If you’re looking for a light, impressive dish for lunch this summer this Korean Stir-Fried Cucumber and Beef (Sogogi Oi Bokkeum) is it. Crunchy cucumbers and sweet and spicy beef make for a deliciously zesty meal!
Hey there folks! It’s been a hot minute, but Tom and I have been over-the-top busy this summer. But I’m back and today I’m sharing a yummy lunch recipe that’s one of my favorites from Food and Wine. I actually saw this Korean Stir-Fried Cucumber and Beef last summer and immediately knew I’d need to give it a try. I’ve enjoyed it several times since then and decided since some of you folks might not have seen it, I’d need to share it here at the BHK.
I’ve always been a fan of Korean flavors, as well as cucumbers, so it’s right up my alley.
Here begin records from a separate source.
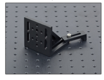
MSCL3 Table Clamp
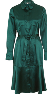
Belted satin shirt dress 49,95 €
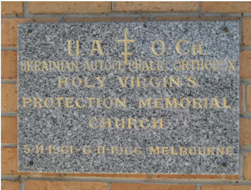
Ukrainian Orthodox Church
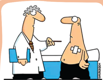
"It's a pacemaker for your heart. Plus, you can download apps for your liver, kidneys, lungs, and pancreas!"
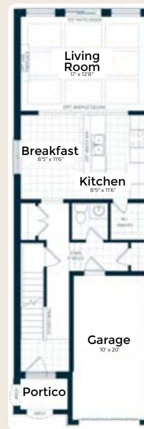
Main Floor ▲
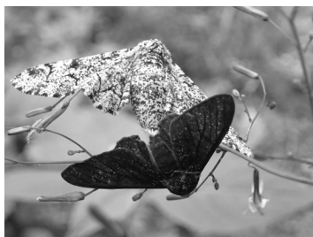
A pair of peppered moths, one each of the light and dark form

Do you think this kind of reductionism is correct, or not? What advantages and disadvantages are produced by an explanation in terms of chemistry, as opposed to a biological explanation? What might this mean for how we think about the relationships between scientific fields?
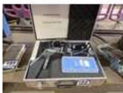
184. Screen care repair kit cased
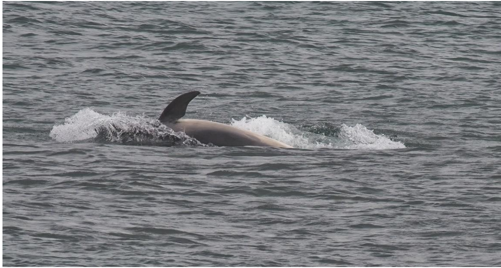
Dolphin – group of around 4 seen feeding around Machrihanish Bay on 22/05/22.
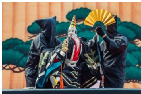
Nakagawa Ningyo Joruri (puppet show) by Nakagawa Village, Nagano Prefecture
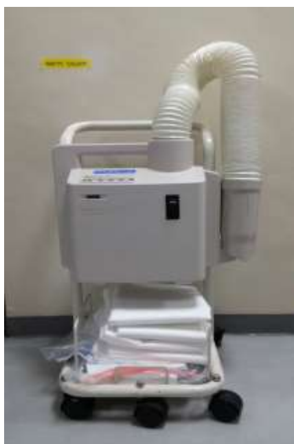
Fig. 1: WarmTouch™ manufactured by Covidien

We investigated ELF-EMF from convective air warming device on various temperature selection and distance for guideline to protect medical personnel and patients.
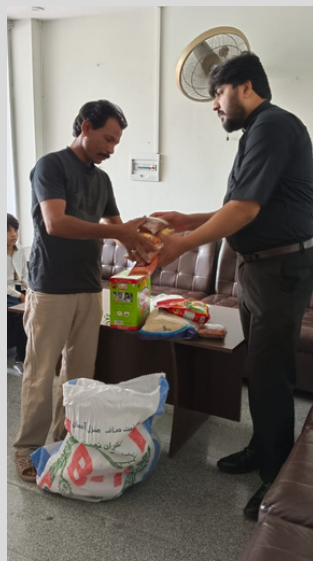
Food distributed among families of workers
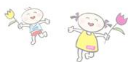
Banner on CCF's home page
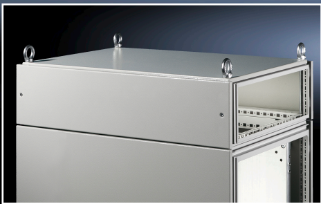
Open bottom design
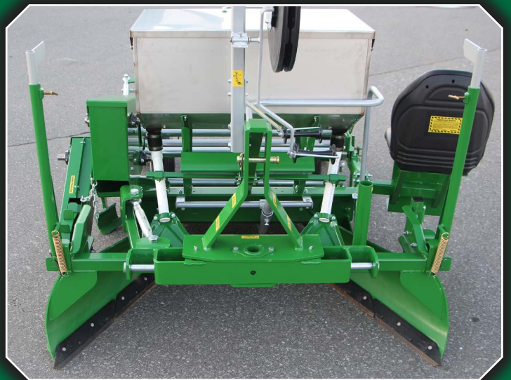
Front view of fertilizer hopper
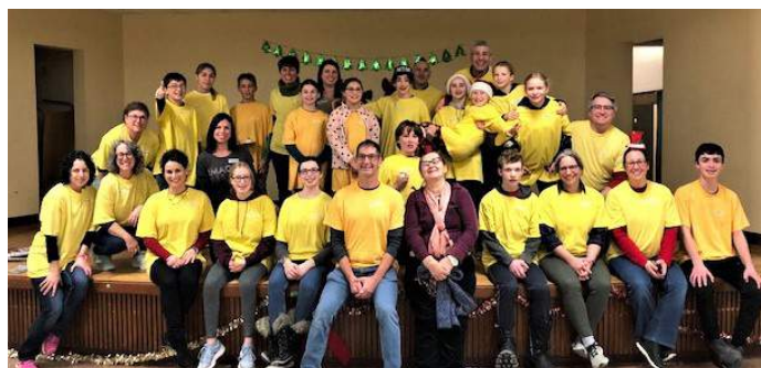
Such an amazing representation of Temple Israel and TIRS families volunteering at In From the Cold at Parkdale United Church in December. What an awesome example of how Tikun Olam is so important to us.
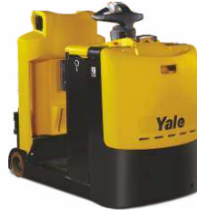
Stand-Up M050T, M070T 5,000 - 7,000kg
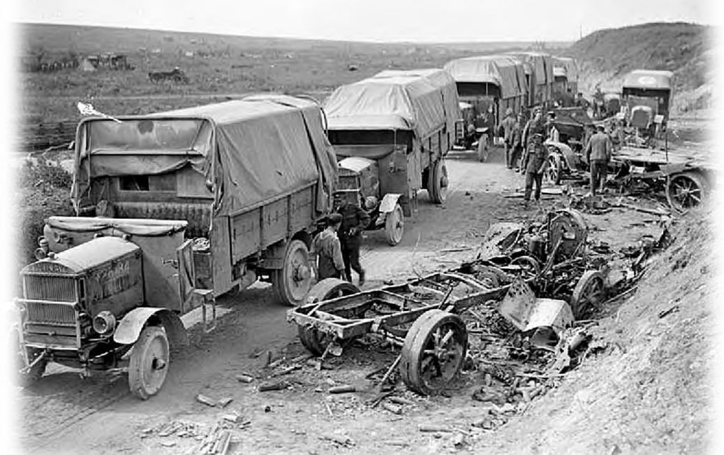
British troops stop to inspect wrecked German vehicles at Drocourt-Queant
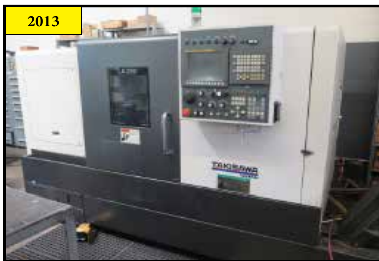
2013 TAKISAWA LA-250 CNC TURNING CENTER W/ TAKISAWA TURN - I FANUC CONTROLS, 10-STATION TURRET, BOX WAY
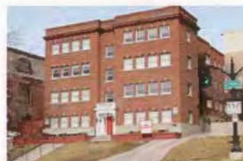
283 E SOUTH TEMPLE SC
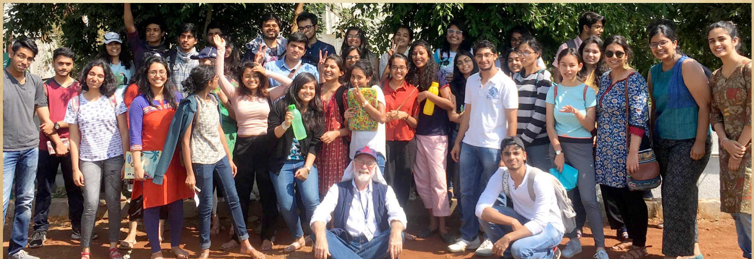
First Big History class at SSLA, Spring 2018

Founded in 1971, Symbiosis was begun with the intent of providing a 'home away from home' for African and Asian students studying in India.
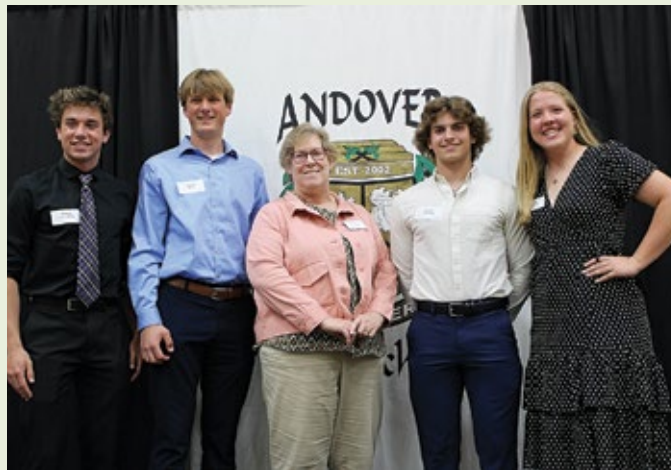
Andover High School
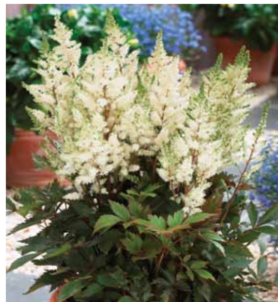
'Younique White'
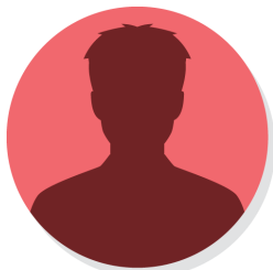
Center for Medicaid and Medicare Services (CMS) Contract Office Representative (COR)
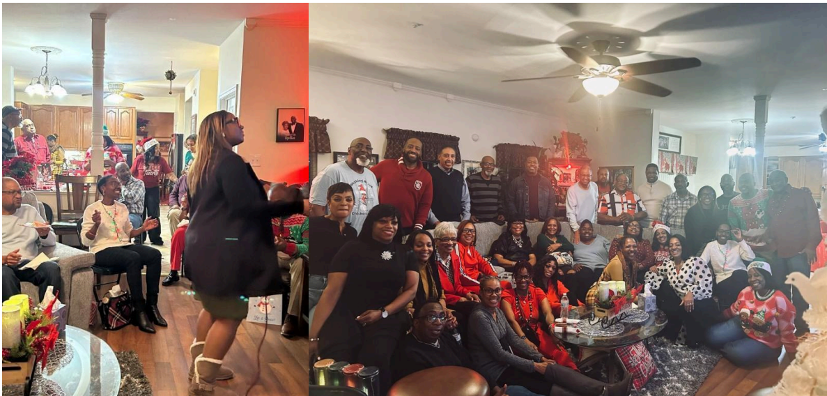
FCIM Christmas Party 2025
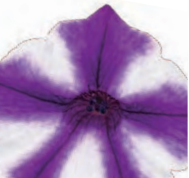
SUPERTUNIA MINI VISTA® Violet Star SUPERTUNIA MINI VISTA® White Petunia 'USTUNJ1901' USPP28051 Can5516
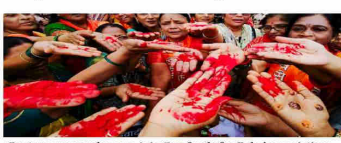
Controversy sparks over Asia Cup funds for Pahalgam victims

New Delhi: The Aam Aadmi Party (AAP) raised questions on Monday over the political messaging surrounding India's Asia Cup final against Pakistan and suggested that the revenue generated from the match could be used to support the families of the Pahalgam terror attack victims.
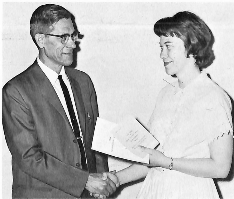
DEAN AND DAUGHTER Salutatorians Saluted
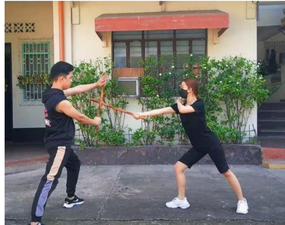
Figure 1: Arnis/ 6 Blocking Techniques / Tutorial
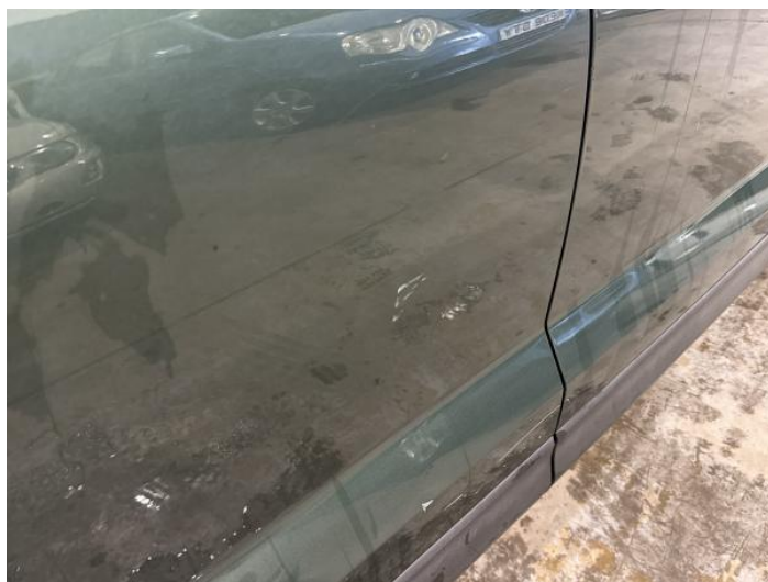
12: Door osr Dented With Paint Damage
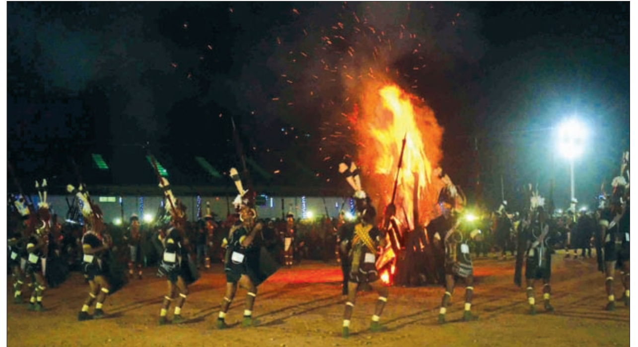
Naga ethnic men dance around bonfire at night as they celebrate traditional new year festival in Lahe.
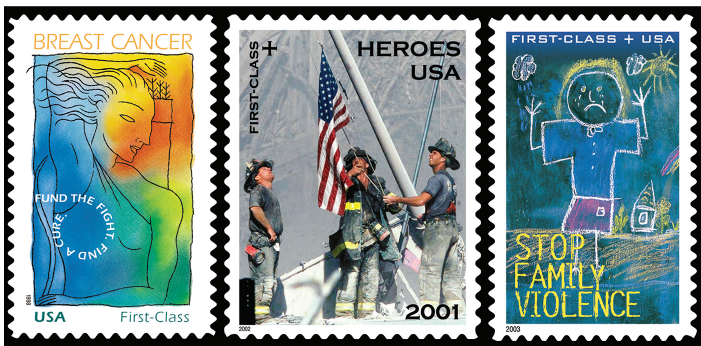
Figure 2: Breast Cancer Research, Heroes of 2001, and Stop Family Violence Stamps

Violence stamps. Semipostals are stamps sold at a premium above the First-Class postage rate; the net premium amount supports a designated cause. The semipostal proceeds are transferred from the Service to the designated federal agencies. The three semipostals were authorized through separate congressional acts relating to each stamp. The Stamp Out Breast Cancer Act required that the Service issue the Breast Cancer Research stamp. The Heroes of 2001 and Stop Family Violence stamps were mandated by Congress in the 9/11 Heroes Stamp Act of 2001 and the Stamp Out Domestic Violence Act of 2001, respectively. 6 Figure 2 illustrates the three semipostals.
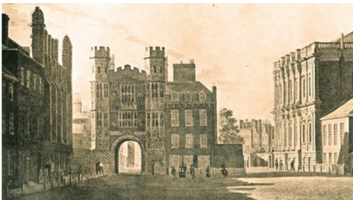
Palace of Whitehall in late 16 th century

This circular walk takes in the highlights of the Whitehall area, including hearing about the Cromwellian spy whose name is given to the most famous street in the world and that street's connection with a Mr Chicken. You will hear the story behind the pelicans in St James's Park and the story of Duck Cottage amongst other more famous sights. Cost is £5, booking is essential. (2 hours)
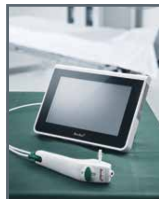
Ambu® aScope™ 3 Regular and Ambu® aView™
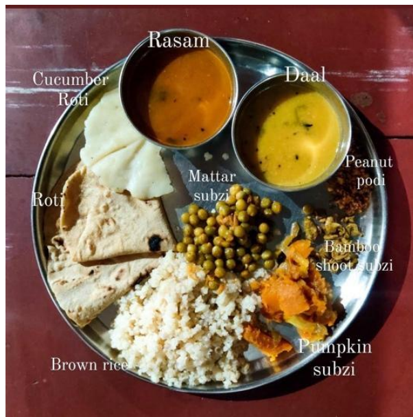
One of our colourful dinners at Timbuktu Collective
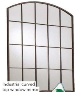
Industrial curved top window mirror £150 Cox & Cox
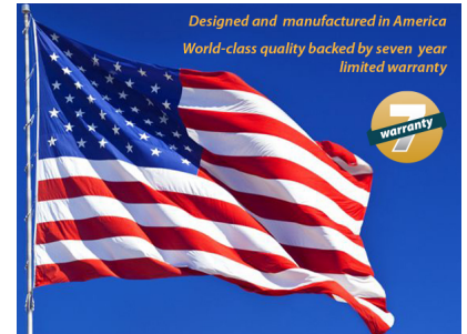
Made in the USA - 7-year Warranty
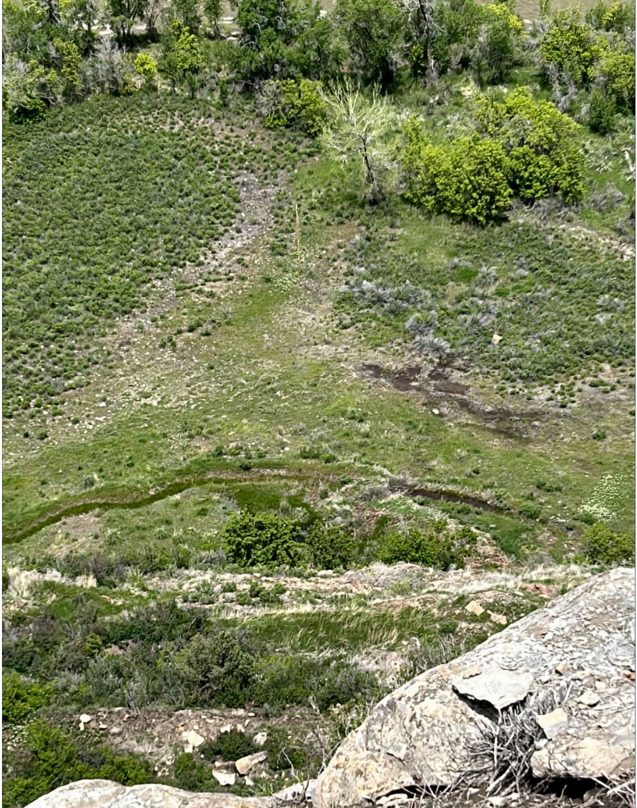
Figure 4: View of seep area from bench

Number of Partial Inspection this Fiscal Year: 1
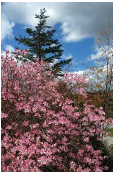
DWH-22-DevilsCourthouse.jpg (Devil's Courthouse Overlook)

It’s a simple lunch recipe I make often when I’m trying to healthy things up. I also enjoy this as my dinner wth some kimchi fried rice.
Why You’ll Love this Recipe
If you’re a fan of cucumbers this is a creative and tasty way to add them to a recipe. Salting the slices and and letting them stand for 30 minutes to one hour and then draining them and squeezing out the excess moisture will ensure crispier cucumber slices.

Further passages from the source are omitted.